In the early 90s, Razor & Tie began a reissue label, releasing on CD hundreds of classic albums and career retrospectives by a range of landmark artists, including Glen Campbell, King Curtis, the Partridge Family, Don Covay, James Carr, Merle Haggard, among many others. In ensuing years, an eclectic roster of artists were signed to the label’s new music division, including such icons as Jon Batiste, The Pretty Reckless, Joan Baez, Graham Parker, Marshall Crenshaw, Dar Williams, All That Remains, and Brand New. In 2014, Razor & Tie launched the Washington Square imprint, showcasing a number of indie and alternative artists.
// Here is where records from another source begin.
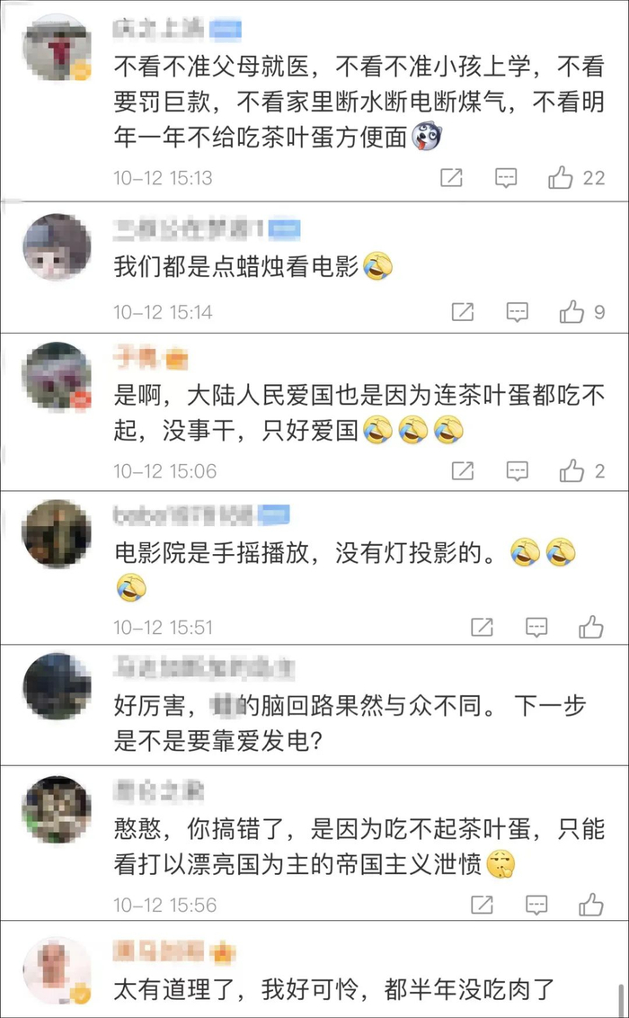 没有爱情片只能看抗美援朝片?没电还能看电影?这番神逻辑快把大陆网友笑傻:是啦是啦,我们都是举着蜡烛在看电影,不看规定的电影会领不到茶叶蛋和方便面啦!
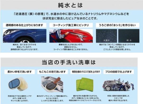 当店の手洗い洗車は、「純水手洗い洗車」です。 この洗車の泡は、洗浄力のためのシャンプーではなく、クッションとすべり剤の役割を果たす「ムース(泡)」で、 砂ボコリなどの摩擦から、やさしくお車を守りながら、洗います。ちょうど、シェービングクリームのようなものです。 また、純水で洗い流す為、ウォータースポットができないです。 「純水手洗い洗車」「ムース手洗い洗車」なら、安心してお任せいただけます。
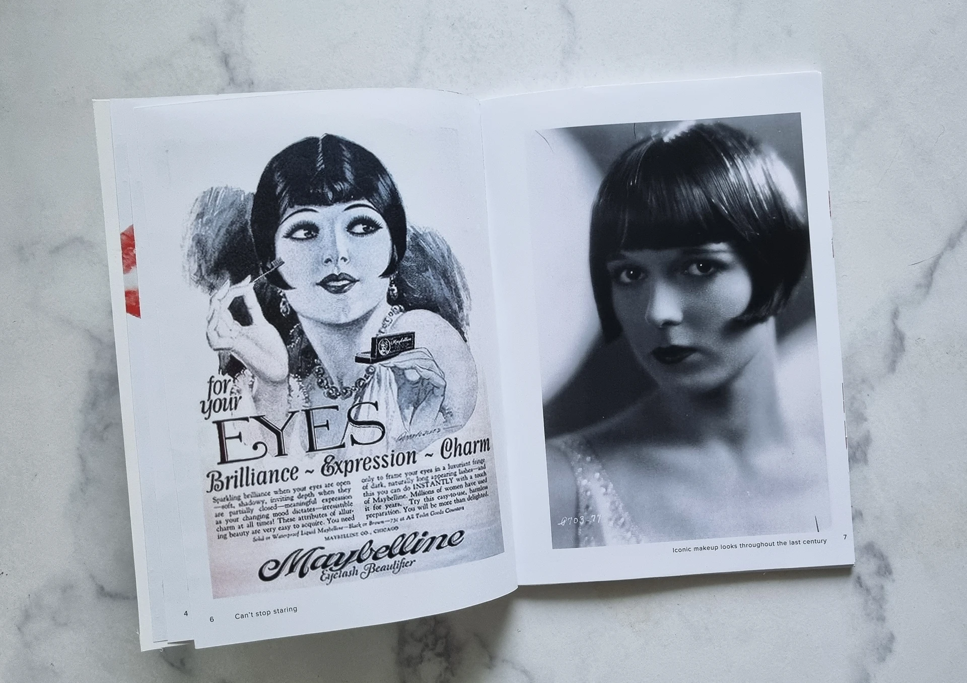 Can’t stop staring is a 61 page hand-bind publication that visually displays iconic makeup looks throughout the last century with each decade beginning with a …
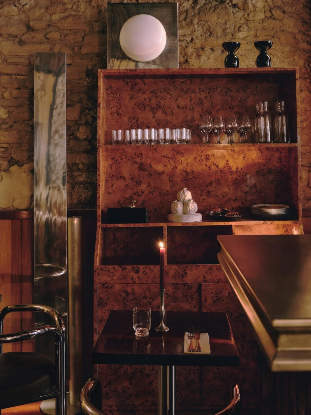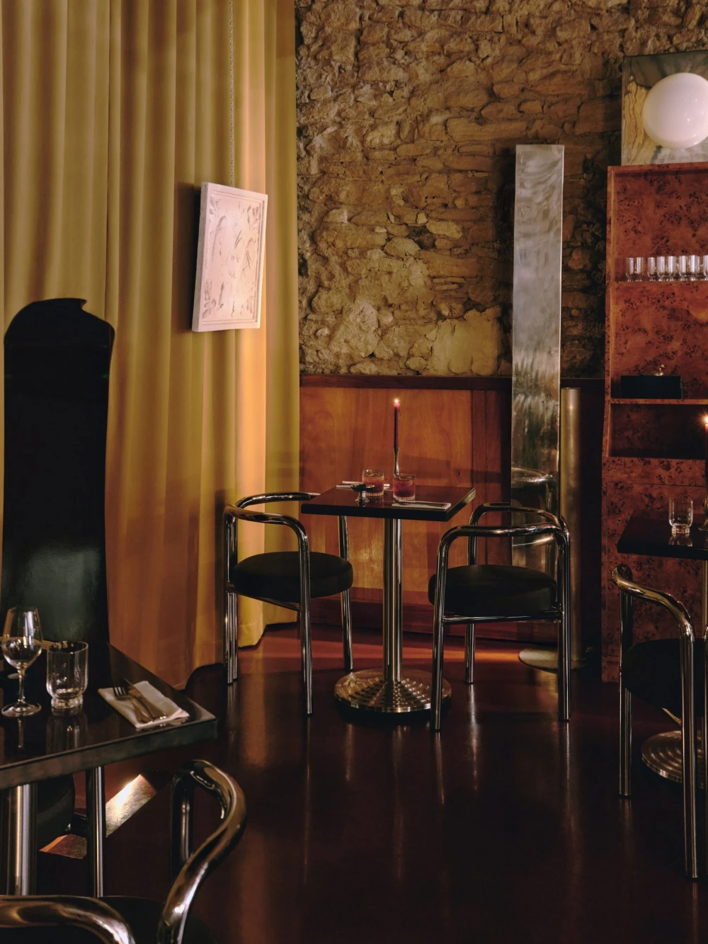Dévo призван был стать местом, где «к еде относятся серьезно, но никогда не чопорно». Пространство ресторана организовано как единый зал, заключенный в массивные каменные стены. Главным источником вдохновения для четы Ше послужили итальянские бары 1970-х годов с элегантными гламурными интерьерами, где людей объединяют социальные ритуалы. «Эти пространства создавались для повседневной жизни — живого общения, кофе, аперитива, а не ради зрелищного дизайна», — говорит Мелисса Ше.

Razor & Tie Music Publishing launched in 2007, a songwriter-friendly and service-oriented division with an aggressive approach to multi-media song placement, royalty administration and artist and writer career development — Razor & Tie Publishing quickly became a successful indie music publisher with number one hits across several genres and a robust synch business.

=== Kidz Bop ===
In 2001, Balsam co-founded, with Chenfeld, the #1 children’s music brand KIDZ BOP, featuring today’s biggest pop hits "sung by kids for kids". The children's music phenomenon has sold tens of millions of albums and generated billions of streams since its debut in 2001, with several successful nationwide Kidz Bop Live shows along the way. Numerous Kidz Bop alumni became prominent entertainers, such as Zendaya, Olivia Holt, Becky G, Ross Lynch, Noah Munck, and singers and Broadway stars such as Jayna Elise and Elijah Johnson.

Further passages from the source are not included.